The Condominium Authority Tribunal (CAT) was created to offer accessible, affordable, and efficient justice for Ontario condo communities. But a question we are often asked is what happens when one party repeatedly uses the Tribunal process to harass, overwhelm, or pressure the other side?
In rare cases, the CAT may declare someone a vexatious litigant. A recent example is the decision in Currie v. MTCC 973, where the Tribunal restricted an owner’s ability to file future cases. On the flip side of the coin, we have Batement v TSCC 2302, where the Tribunal refused to name an owner a vexatious litigant.
This post explains what a vexatious litigant is, how the CAT applies this concept, and what lessons this case holds for Ontario condo corporations. Spoiler alert – it is very rare and should not be the Corporation’s first line of defence!

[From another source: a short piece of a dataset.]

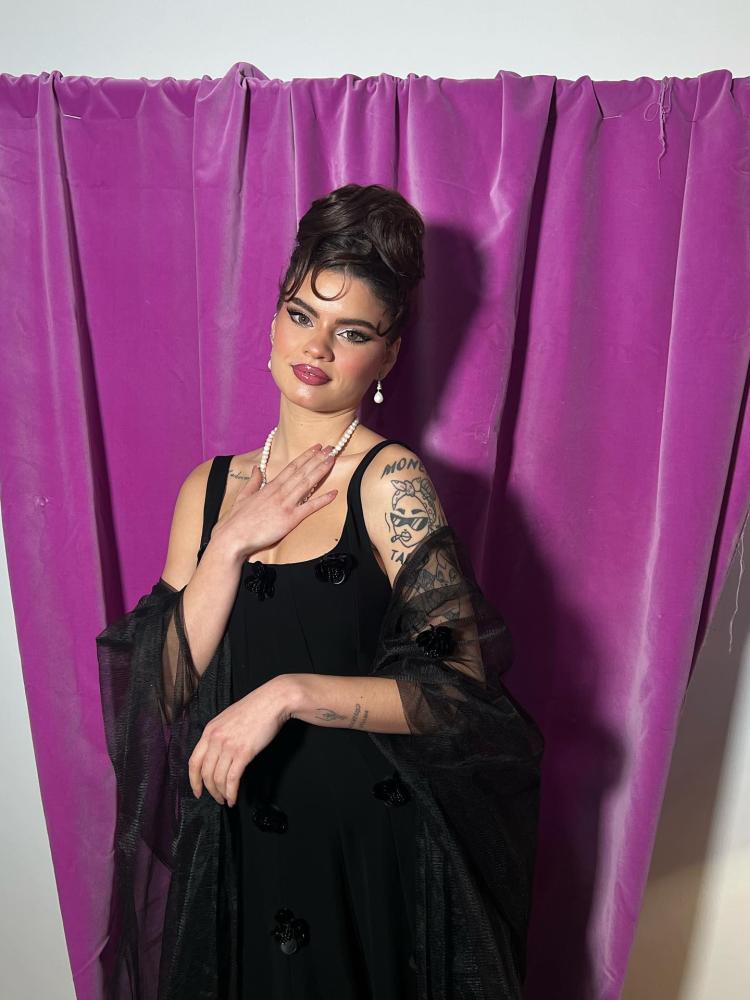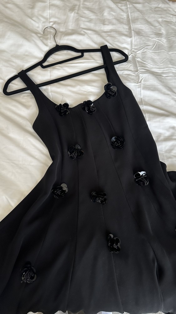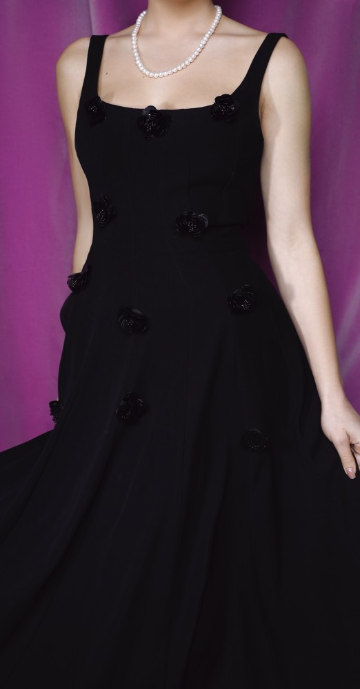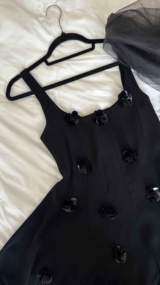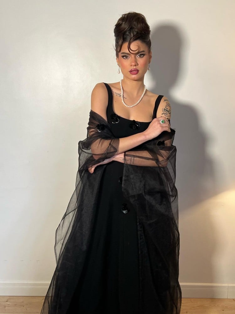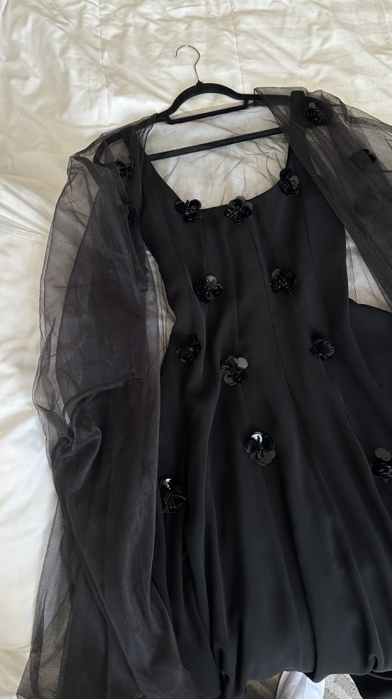 يجمع هذا التصميم بين الأناقة والأنوثة بطريقة مدهشة، حيث يتألف من قطعتين: فستان أنيق ينساب برقة على جسدك، وطبقة من التُل الأسود تضفي لمسة من الغموض والجاذبية.
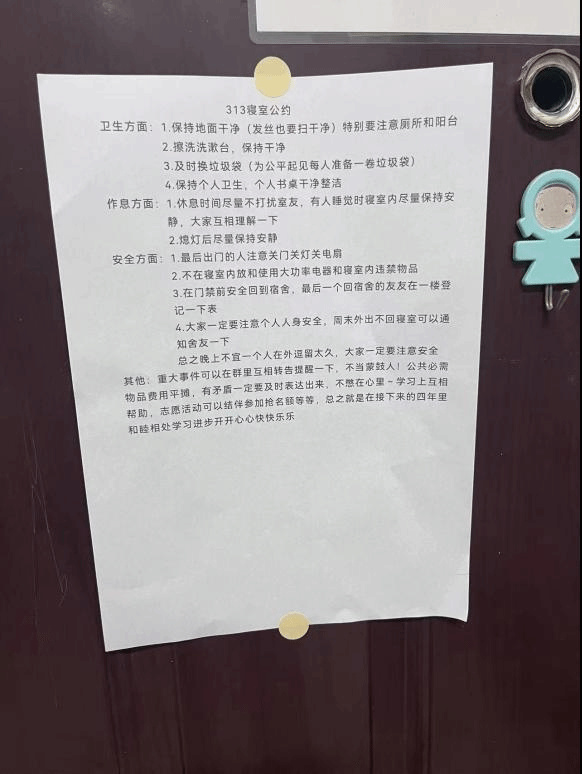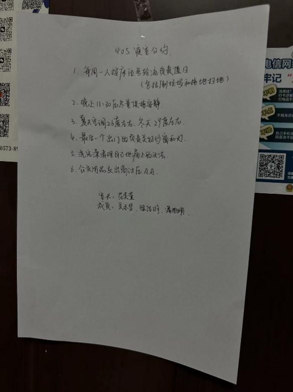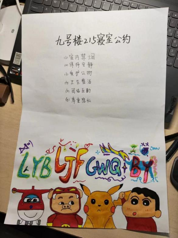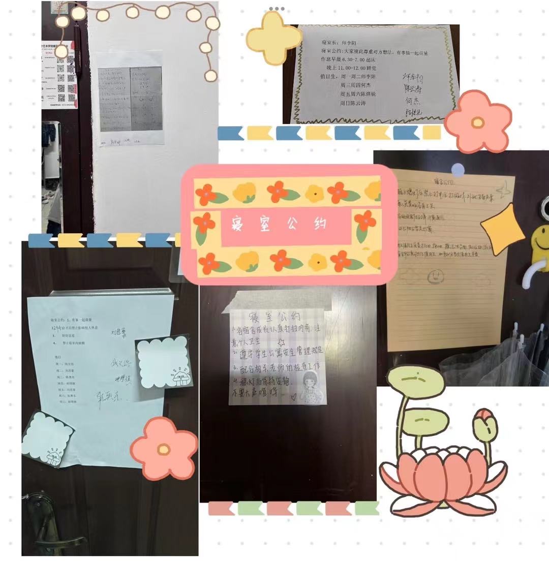 23摄影2班的同学们在寝室开展了他们的主题班会,各个寝室经过协商,制定了各自的寝室公约。即使同学们的生活习惯不同,但大家都愿意彼此尊重和包容。

What Is a Vexatious Litigant?
Generally, a vexatious litigant is someone who repeatedly initiates legal proceedings that are:
- Frivolous or without merit;
- Brought for an improper purpose (e.g., to harass); and/or
- A misuse of legal process
The CAT’s Rule 4.6 allows it to restrict such parties from filing new cases without permission. The text of the rule is below:
If the CAT finds that a Party has filed a vexatious Application or has participated in a CAT Case in a vexatious manner, the CAT can dismiss the proceeding as an abuse of the CAT’s process. The CAT may also require that Party to obtain permission from the CAT to file any future Cases or continue to participate in an active Case. The CAT may also require a Party to agree to an undertaking that they will comply with the Rules and with any CAT Orders.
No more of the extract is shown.